Ze ontwikkelden een nieuw platform genaamd elektronische pre-resonantie gestimuleerde Raman-verstrooiing (epr-SRS) microscopie dat het beste van twee werelden combineert, een hoge mate van gevoeligheid en selectiviteit samenbrengen. De innovatieve techniek identificeert, met extreme specificiteit, structuren met een aanzienlijk lagere concentratie - in plaats van miljoenen van dezelfde structuur die nodig zijn om de aanwezigheid van die structuur in traditionele Raman-microscopie te identificeren, het nieuwe instrument vereist slechts 30 voor identificatie. De techniek maakt ook gebruik van een nieuwe reeks tagging-moleculen die door het team zijn ontworpen om synergetisch te werken met de ultramoderne technologie. Het versterkte "kleurenpalet" van moleculen verbreedt de tagging-mogelijkheden, waardoor de beeldvorming van maximaal 24 structuren tegelijk mogelijk is in plaats van beperkt te worden door slechts vijf fluorescerende kleuren. De onderzoekers denken dat er in de toekomst nog mogelijkheden zijn voor verdere uitbreiding.

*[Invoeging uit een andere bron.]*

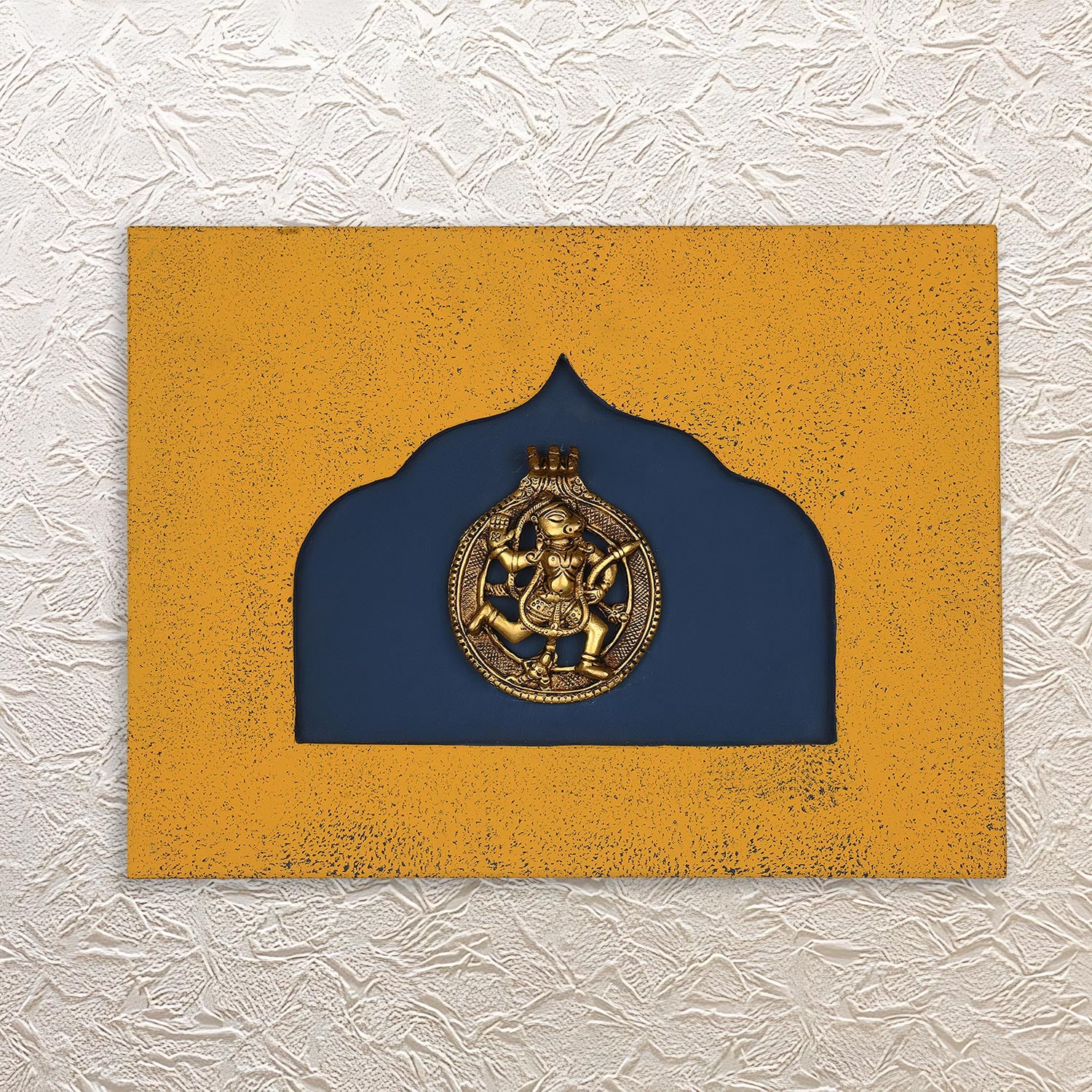 Celebrate the devotion, strength, and divine power with the brass Hanuman wooden wall frame. Measuring 12 inches, this is the most spiritual and powerful decor plate one can bring home. As it features brass-made Hanuman Ji, you will feel all the positive and good energies coming to your space by using this wall frame at your home or office.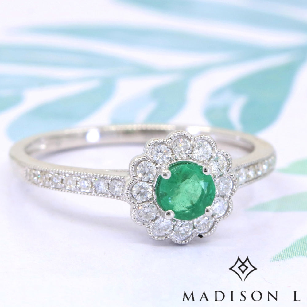R1772EMW 14K White Gold Arianna Collection Emerald And Diamond Ring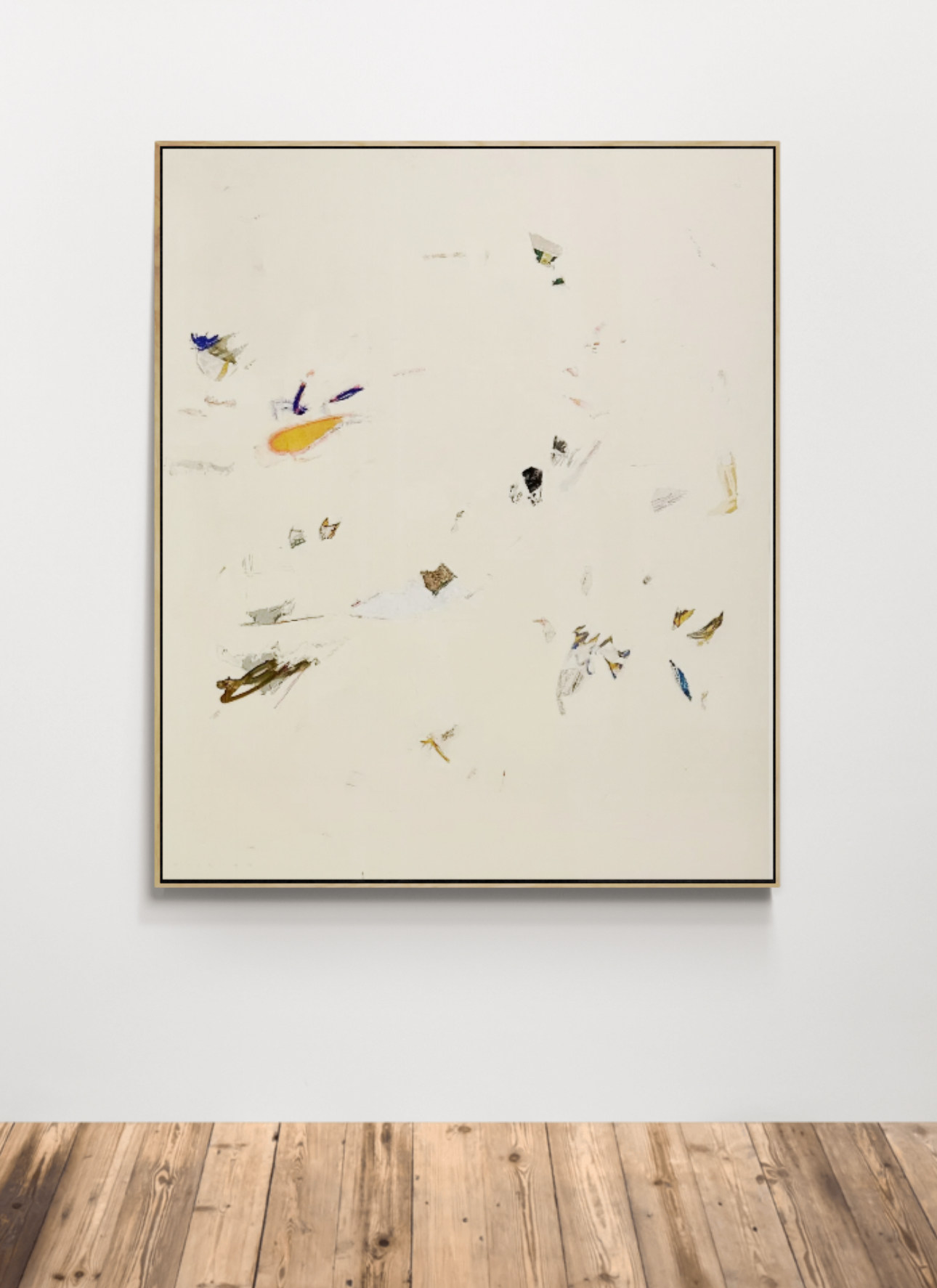 Acrylic, collage, plaster, dirt, charcoal, pastels and graphite on canvas

Het team heeft het epr-SRS-platform met succes getest in hersenweefsel. "We konden de verschillende cellen zien samenwerken, "Zei Wei. "Dat is de kracht van een groter kleurenpalet. We kunnen nu al deze verschillende structuren in hersenweefsel tegelijk verlichten. In de toekomst hopen we ze in realtime te kunnen zien functioneren." Hersenweefsel is niet het enige waarvoor de onderzoekers deze techniek voor ogen hebben, voegde ze eraan toe. "Verschillende celtypes hebben verschillende functies, en wetenschappers bestuderen meestal slechts één celtype tegelijk. Met meer kleuren, we kunnen nu beginnen met het gelijktijdig bestuderen van meerdere cellen om te observeren hoe ze op elkaar inwerken en functioneren, zowel alleen als samen in gezonde omstandigheden versus in ziektetoestanden."

Het nieuwe platform heeft veel potentiële toepassingen, Min zei, eraan toevoegend dat het mogelijk is dat de techniek ooit kan worden gebruikt bij de behandeling van tumoren die moeilijk te doden zijn met beschikbare medicijnen. "Als we kunnen zien hoe structuren in kankercellen op elkaar inwerken, we kunnen manieren identificeren om specifieke structuren nauwkeuriger aan te pakken, "zei hij. "Dit platform zou het spel kunnen veranderen in het streven om alles te begrijpen dat veel componenten heeft."